DETERMINING THE EXTENT AND DEGREE OF DIAGENETIC ALBITIZATION OF DETRITAL FELDSPAR IN EARLY PERMIAN (WOLFCAMPIAN) ARKOSIC, SYNOROGENIC, NONMARINE, STRATA THROUGHOUT NEW MEXICO

Feldspar and other detrital fragments in sedimentary strata have been used for decades to constrain basin provenance and exhumation history of orogenic systems. However, few studies have investigated the origin of diagenetic feldspar (e.g., secondary albite) and its implications on subsidence history, timing, and extent of thermal events in a basin. Provenance work on Early Permian strata in New Mexico including both modal composition trends (with ImageJ determination of percent albitizaton) and microprobe analyses, reveal unexpected, elevated occurrences of diagenetic albite, and a highly variable pattern in the percentages of plagioclase compared to K-feldspar in northern (P=53%; K=47%), central (P=85%; K=15%), and southern New Mexico (P=97%; K=3%), as well as elevated occurrences of diagenetic albite in parts of southern and central New Mexico.

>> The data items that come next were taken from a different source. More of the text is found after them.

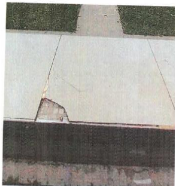
Ilustración 8. BANCAS DE CONCRETO CON ACABADO CERAMICO Daños de acabados de bancas de concreto.

La infraestructura actual cuenta con juegos para infantes de madera, plástico y metal. Los juegos se encuentran directamente apoyados al terreno por medio de dados de concreto simple. Debido a que las áreas verdes donde se encuentran apoyados, no cuentan con pendiente para drenaje, las uniones de los dados y de los elementos de madera o metal se encuentran muy deterioradas, debido a un contacto permanente con el agua, siendo actualmente peligro frente a su uso. Así mismo, los elementos de madera y metal que constituyen los juegos presentan deformaciones y alto de deterioro, ya que sus dimensiones y las capas de protección frente al intemperie no son las adecuadas.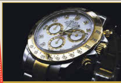
Luxusuhren, Ankauf Rolex, Breitling, Cartier, IWC, Omega...

Exklusives Eröffnungsangebot Kostenfreie Bewertung ihrer Schmuckstücke, Uhren oder Edelmetalle + SOFORTIGE BARAUSSZAHLUNG zum fairen Tagespreis!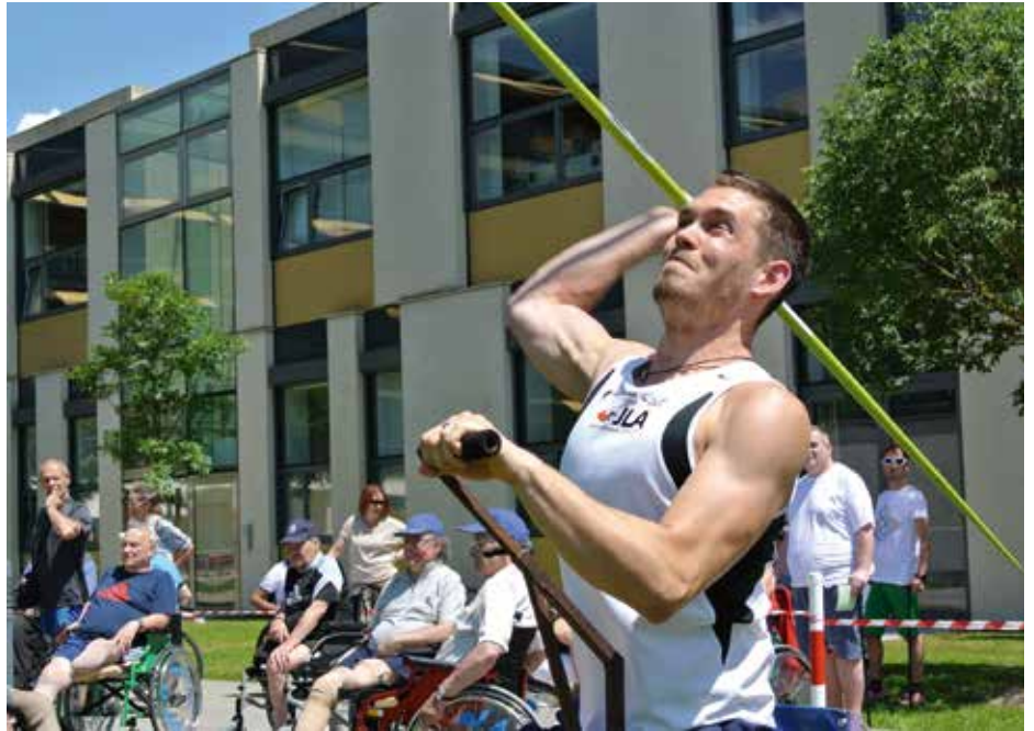
Viel Ehrgeiz, aber auch Spaß stehen bei den Wettkämpfen im Vordergrund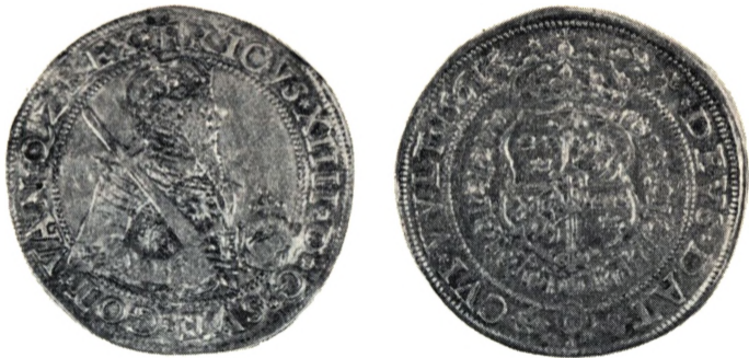
Erik XIV.s Daler 1561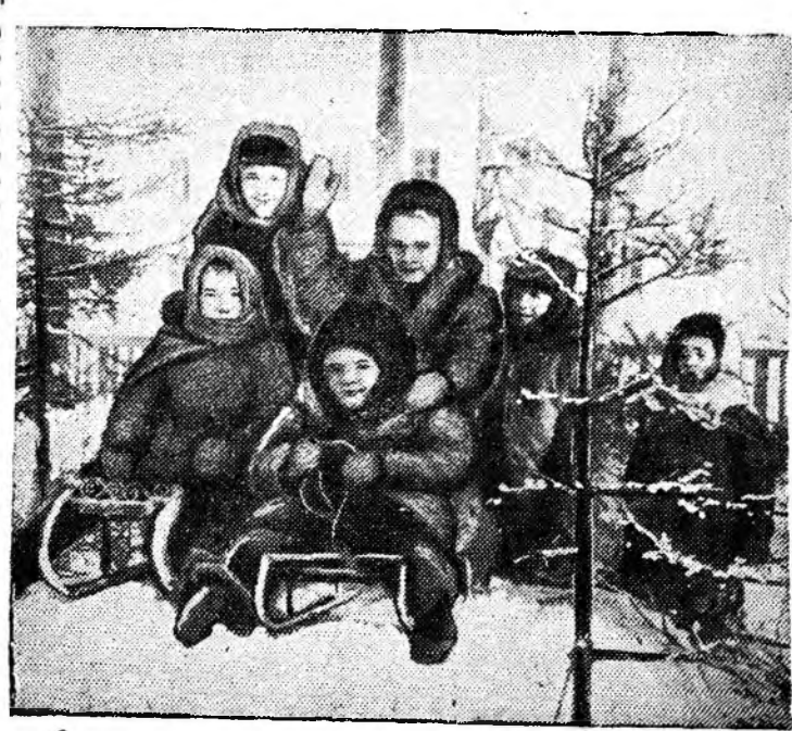
На ледяной горке.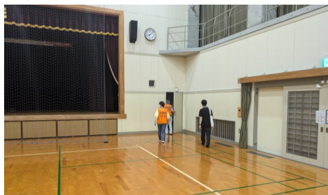
ホールの開設方法の確認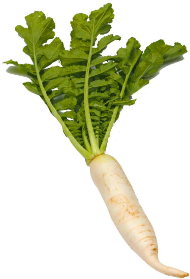
One radish 一个白萝卜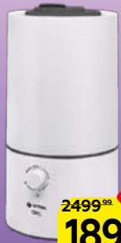
Увлажнитель воздуха VITEK, 1 шт.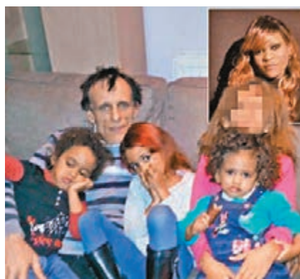
三名被燒死的女童，小圖為姆博。網上圖片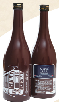
43 電車好きにも好評の 特別純米酒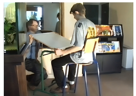
12 - Os 3S: Postura sentada na escola, Sono (evitar travesseiros) Esporte (evitar a postura sentada do remo...)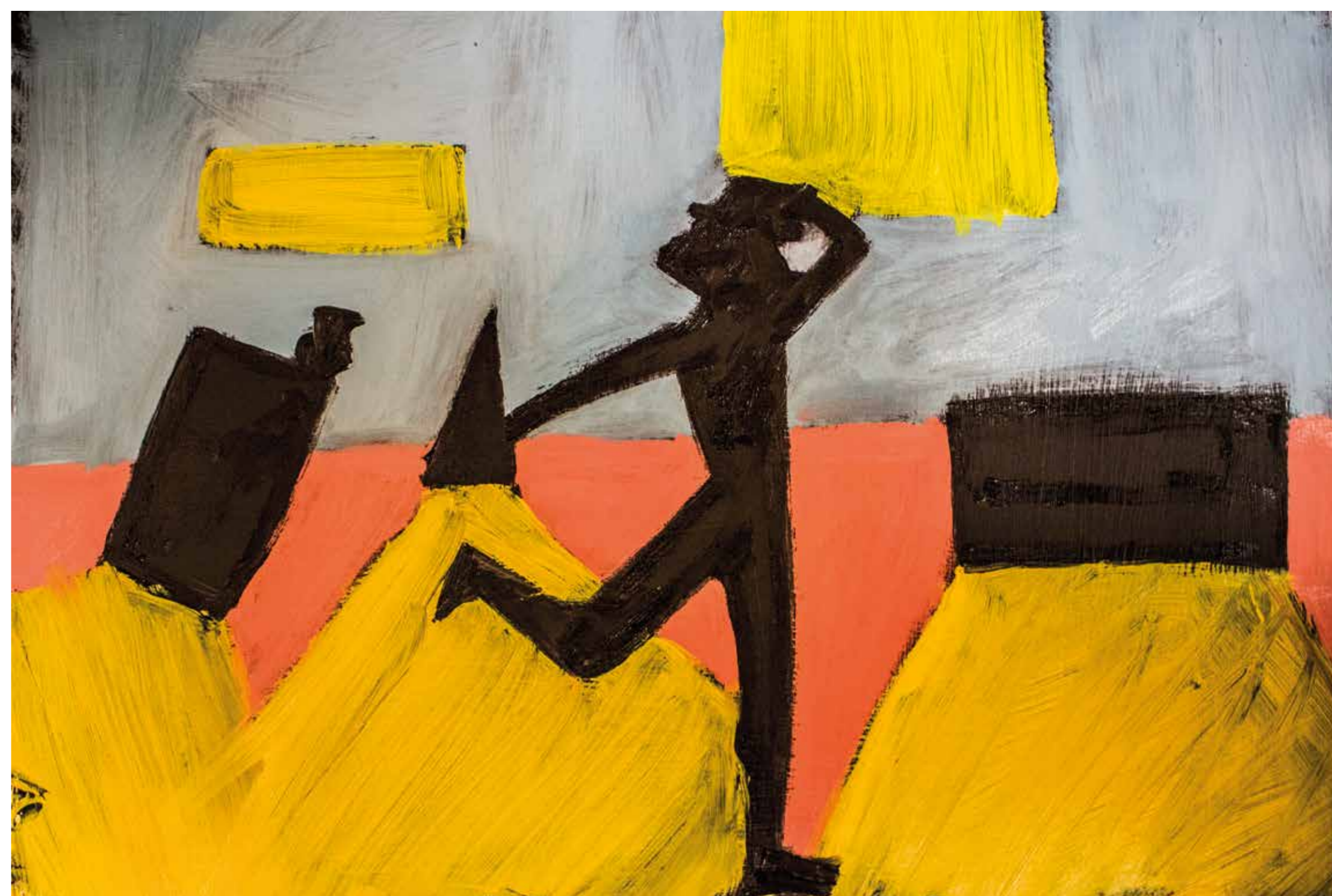
žákyně Beatrice Dumitrita Gutu narozena 2005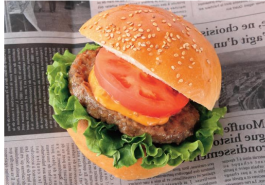
「 THE ビーフバーガー 」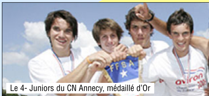
Le 4- Juniors du CN Anancy, médaillé d'Or

Belle moisson de médailles pour les cadets des clubs Rhônealpins, 4 Or, 7 argent, 4 Bronze.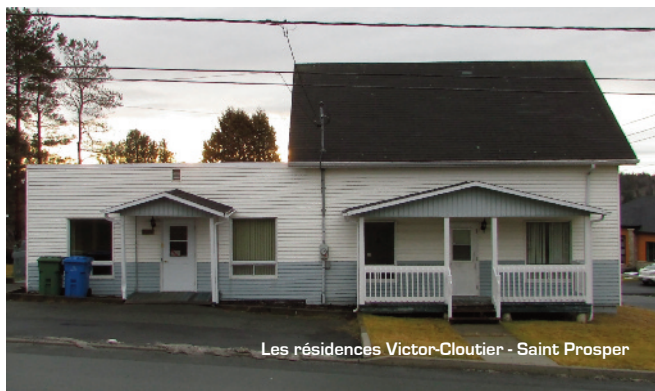
Les résidences Victor-Cloutier - Saint Prosper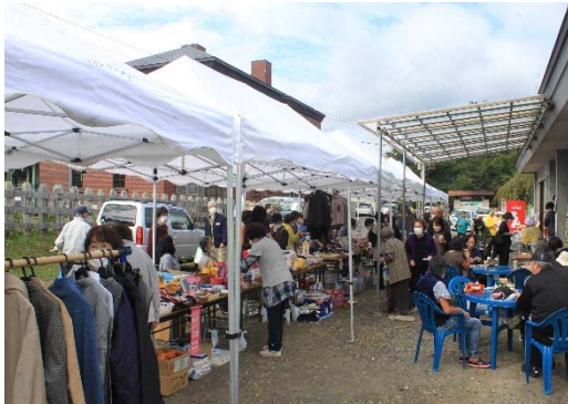
【フリーマーケット（おがちふるさと学校）】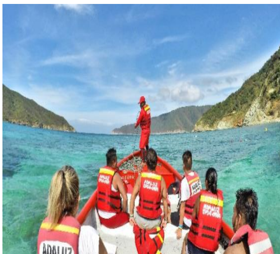
Figura 5. Vista general - Página web de Oceantour SAS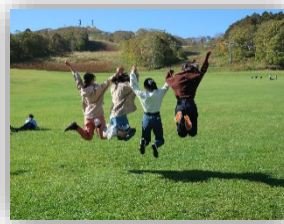
修学旅行(2022年度 北海道方面)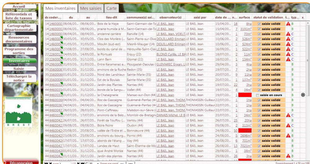
Figure 5. Interface dédiée à la consultation de données d'inventaires

Ces deux interfaces sont opérationnelles pour les données de bryophytes et de lichens ; elles doivent être finalisées pour les données de charophytes, en lien avec le protocole d'inventaire de ce groupe de taxons, qui sera arrêté et à tester prochainement.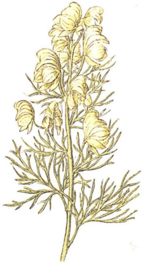
Aconito salutarium ( Aconitum Anthora L.)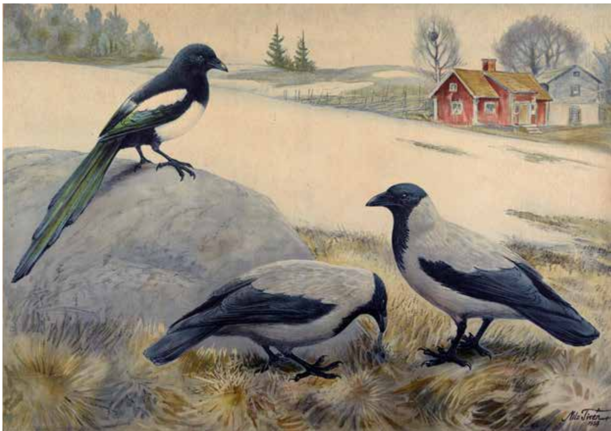
Svensk skoleplansje med skjære og kråker. Kunstner Nils Tiren 1928.

Secondary albitization is common during the diagenesis of felsic, arkosic strata and often involves the process of sodium metasomatism associated with deep basin brines. In locations and basin conditions where felsic sedimentary strata react with available saline fluids, silt- and sand-size K-feldspar and plagioclase are partially-to-completely replaced by albite at a range of depth and temperature. At the basin surface and shallower basin depths, evaporative concentration of salts in the groundwater of a closed basin yield Na-rich brines that can react with detrital silicates to develop authigenic albite. At depth, the onset of albitization of feldspar occurs at temperatures between 60–70°C (near depths of ~2500 m) when formation waters transition out of the stability field of feldspar and begin to approach the stability field of albite.

Here, data were collected from three field transects selected based on geologic and tectonic criteria that included both near and far from Laramide and Rio Grande rift structures, and both near and far from shallow rift igneous systems. At the largest scale, data will help constrain (1) whether albitization is normal or hydrothermal and related to subsidence and/or heating events since the Permian, respectively, and (2) whether albitization parallels regional structures in the area (e.g., Laramide and/or Rio Grande Rift faults) or occurs in proximity to known shallow igneous systems (e.g., Jemez Volcanic Lineament).